Resolution 1: REMUNERATION REPORT

To consider, and if thought fit, to pass the following in accordance with s250R(2) of the Corporations Act 2001:

‘That the section of the report of the Directors in the 2011 Annual Report dealing with the remuneration of the Company’s Directors and Senior Executives (Remuneration Report) be adopted.’

The Directors abstain, in the interests of corporate governance, from making a recommendation in relation to this resolution.
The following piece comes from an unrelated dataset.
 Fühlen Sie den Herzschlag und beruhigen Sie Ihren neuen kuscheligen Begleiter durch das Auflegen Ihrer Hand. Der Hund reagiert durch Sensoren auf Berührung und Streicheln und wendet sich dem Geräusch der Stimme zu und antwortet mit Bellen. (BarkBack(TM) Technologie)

Note: This resolution shall be determined under section 250R(2) of the Corporations Act. Votes must not be cast on this resolution by Key Management Personnel and closely related parties in contravention of section 250R or 250BD of the Corporations Act. Restrictions also apply to votes cast as proxy unless exceptions apply.
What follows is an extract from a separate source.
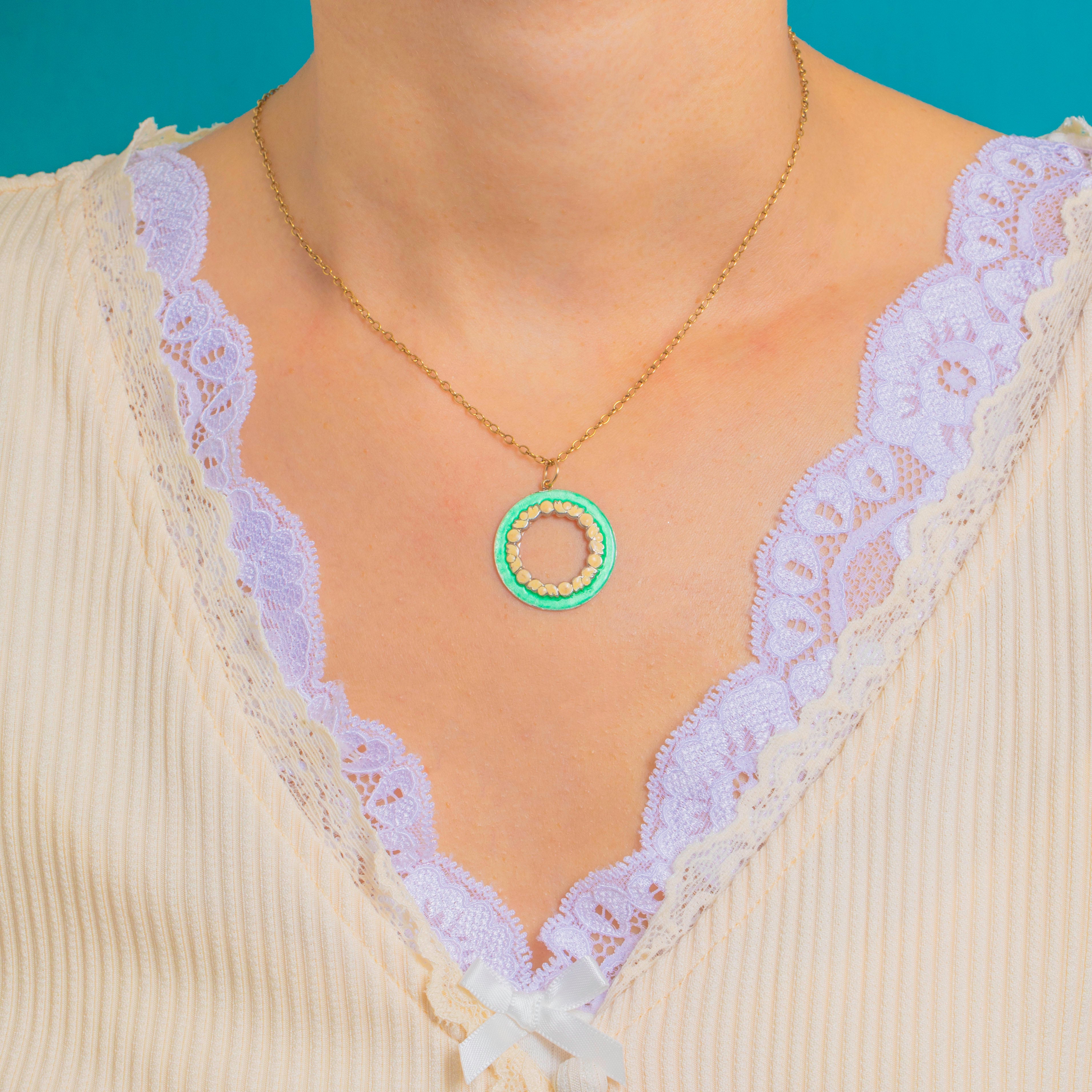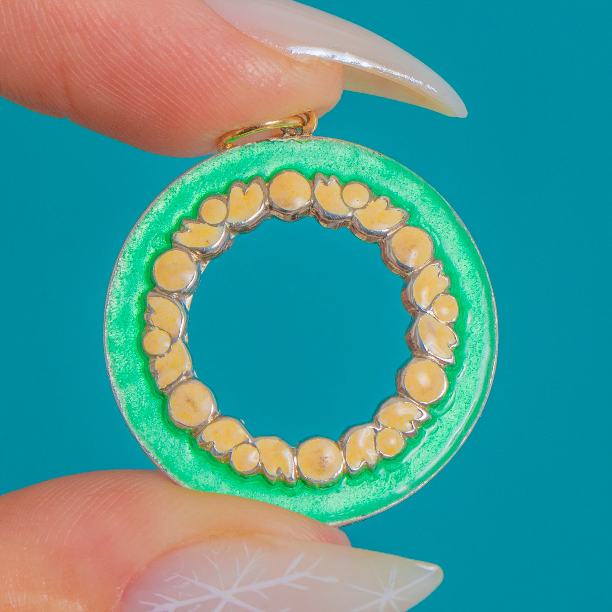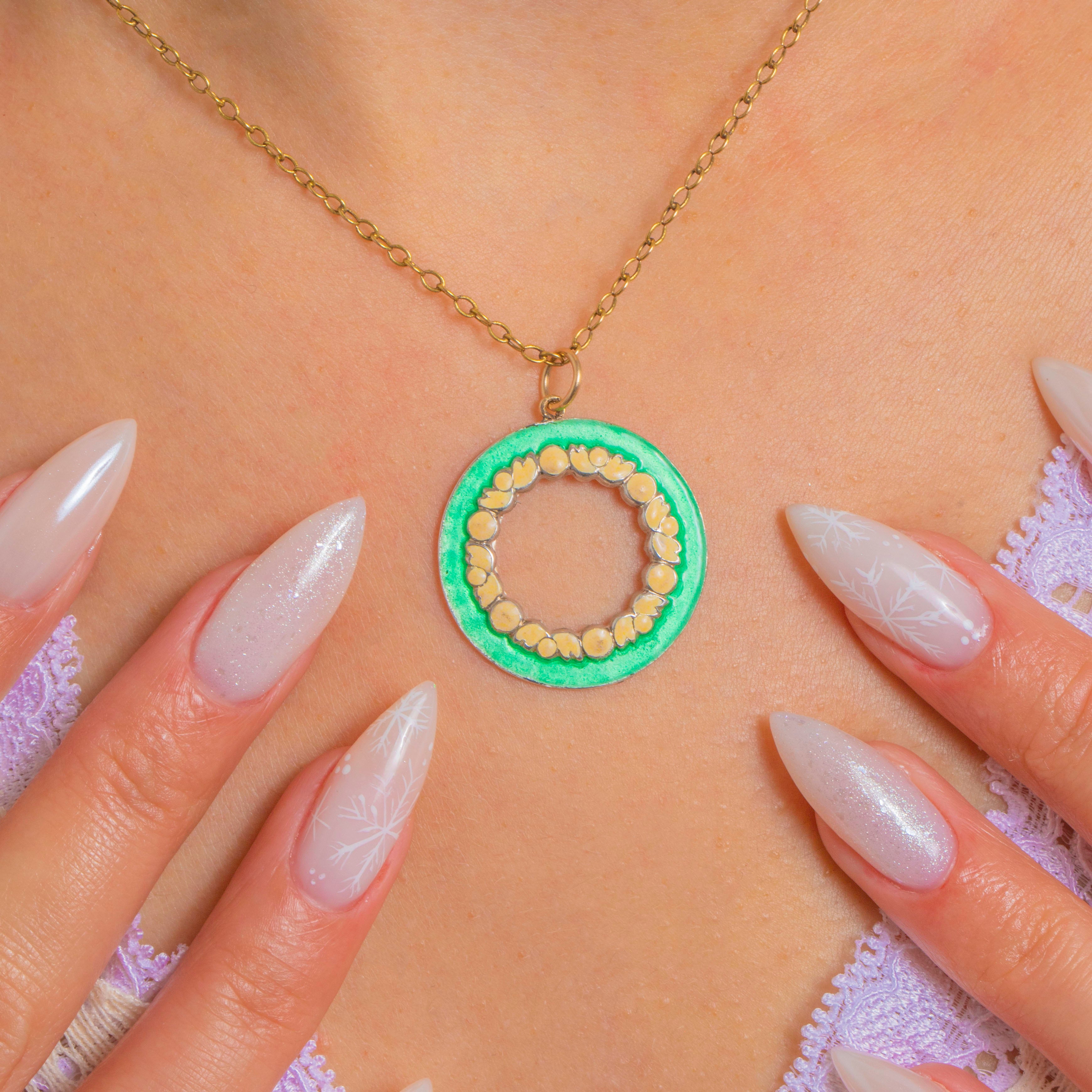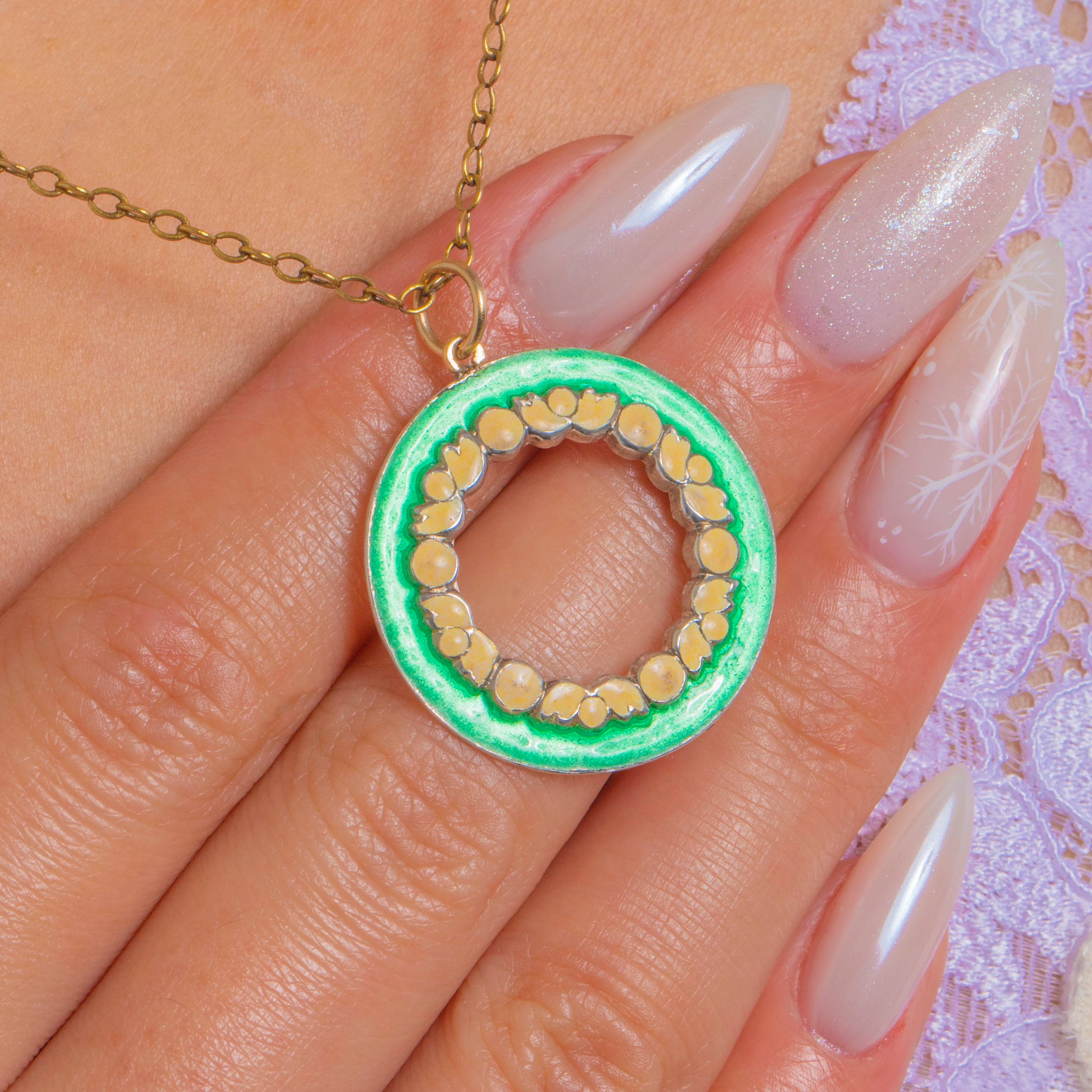 アンティーク グリーンエナメル フラワーガーランド ロンデル ペンダント
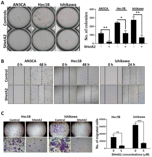 SHetA2 attenuates cancerous phenotypes of endometrial cancer cell lines: (A) Soft agar colony formation assay of endometrial cancer cells treated with 5 µM SHetA2 or vehicle. After 3 weeks of culture, colonies were imaged (left panel) and counted (right panel) using q GelCount colony counter. Representative images scanned at 4× magnification are shown. The controls were set as 100% and data are shown as mean ± SD. (B) Wound healing scratch assay of endometrial cancer cells treated with 5 µM SHetA2 or vehicle. Images were captured at the indicated time points. (C) Invasion assays were conducted using the Matrigel-coated transwell chamber. Representative images of transwells showing invasion capacity of Hec1B and Ishikawa endometrial cancer cell in the presence of SHetA2 or vehicle are shown (left panel). The number of invaded cells were counted with a cell counter and shown (right panel). * p ≤ 0.05, ** p ≤ 0.01, *** p ≤ 0.001 when compared with respective controls.

Resolution 2: RE-ELECTION OF DR PETER CORR

To consider, and if thought fit, to pass the following ordinary resolution:

‘That Dr Peter Corr, who in accordance with rule 16.1 and 16.2 of the Constitution of the Company, retires by rotation and, being eligible, offers himself for re-election, be re-elected as a Director of the Company.’
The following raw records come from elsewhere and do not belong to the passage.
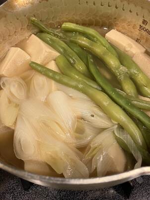 しっとり煮は今日のQPで見た料理。酒砂糖味醂で調味した出汁で戻して切った高野豆腐を煮て、斜め切りした長ネギと塩茹でして縦半分に切ったインゲンを加え、淡口醤油と生姜汁と塩少々で調味して10分ほど煮ただけ。このところカロリー過剰なので今日のQPはあっさりした料理で助かった!と思ったのに、これだけだとやっぱり物足りないので市販のレトルトカレーまで食べてしまったワタシ(^^ゞ
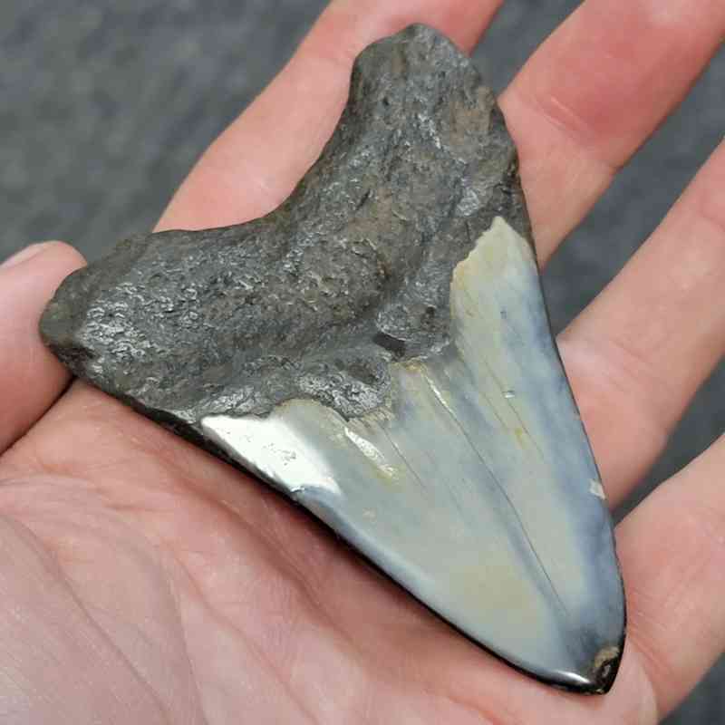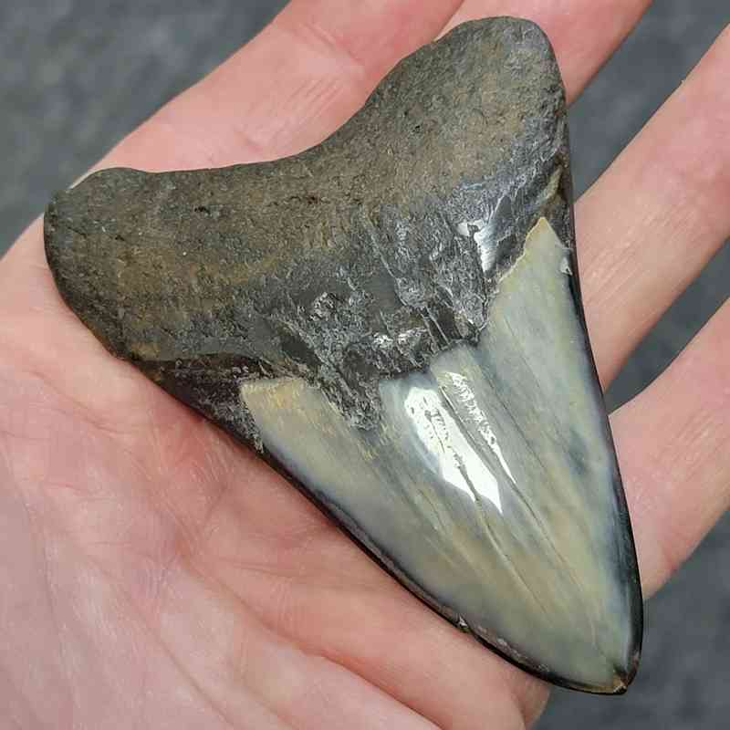 3 1/2″ – Polished 90% Complete Megalodon Shark Tooth with Dark Brown Root whith Gray/Tan Enamel
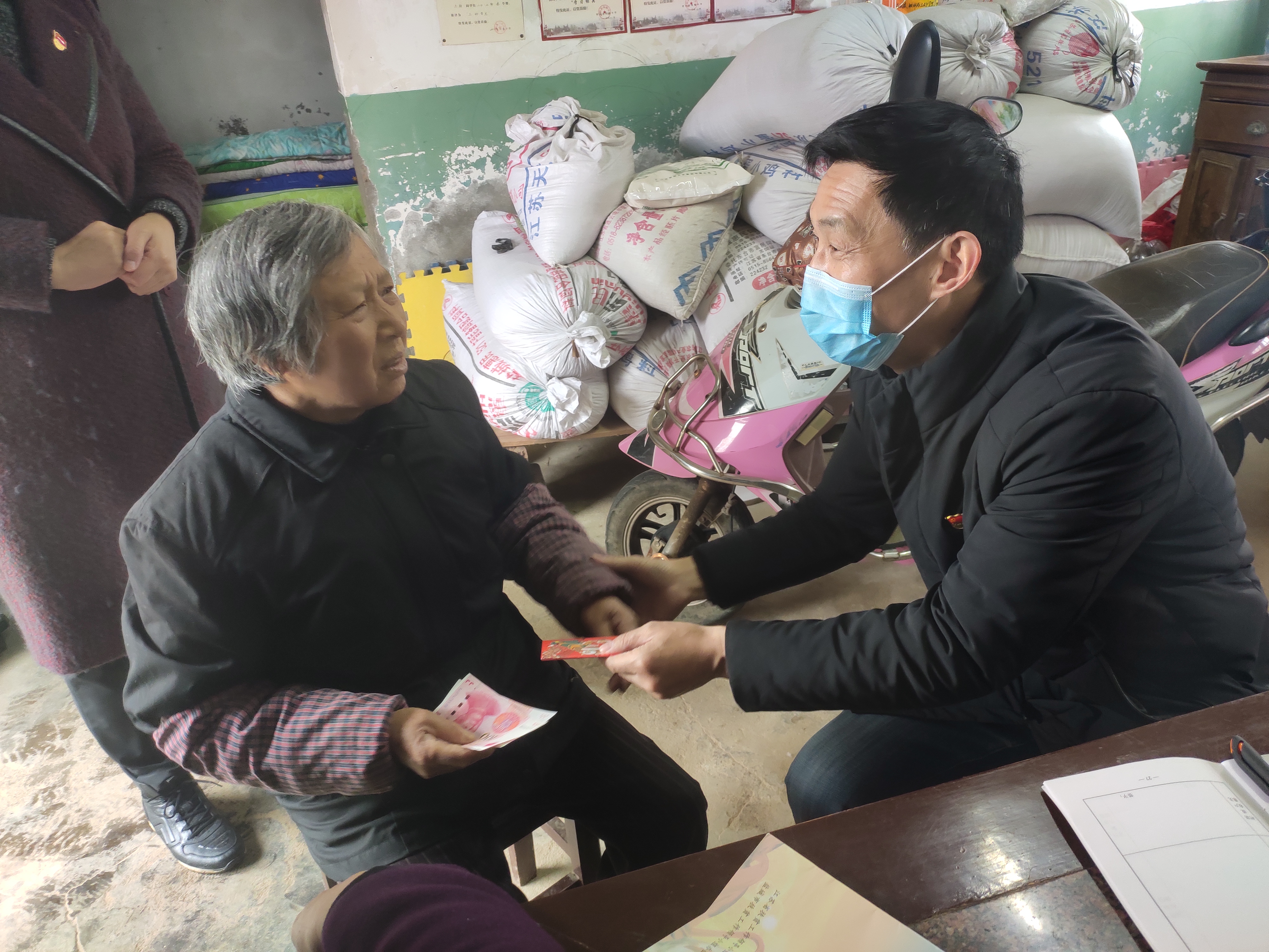 马力书记向农户发放慰问金
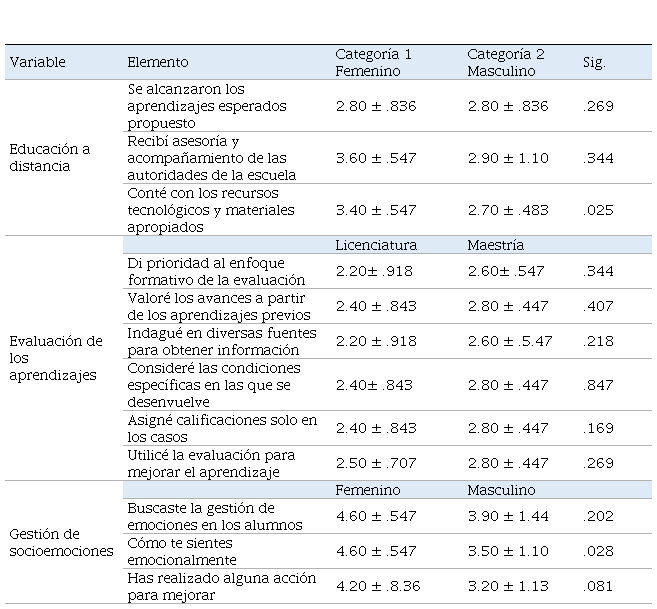 En lo que respecta a la intervención docente a distancia, evaluación de aprendizajes y participación en reuniones, en la Tabla 1, se muestran los resultados promedio y desviación estándar de las formas de intervención relacionadas con su trabajo docente a distancia, los criterios pedagógicos para la evaluación de los aprendizajes analizados en reunión de consejo y la gestión de socio emociones, con dos diferentes categorías: género y grado de estudios.

Resolution 3: RE-ELECTION OF DR MICHAEL MONSOUR

To consider, and if thought fit, to pass the following ordinary resolution:

‘That Dr Michael Monsour, who in accordance with rule 16.1 of the Constitution of the Company, retires by rotation and, being eligible, offers himself for re-election, be re-elected as a Director of the Company.’

Resolution 4: RE-ELECTION OF DR TERJE KALLAND

‘That Dr Terje Kalland, who retires from a casual vacancy at the Annual General Meeting in accordance with Listing Rule 14.4 and rule 13.2 of the Company’s Constitution, and having consented to act and being eligible, be elected as a Director of the Company.’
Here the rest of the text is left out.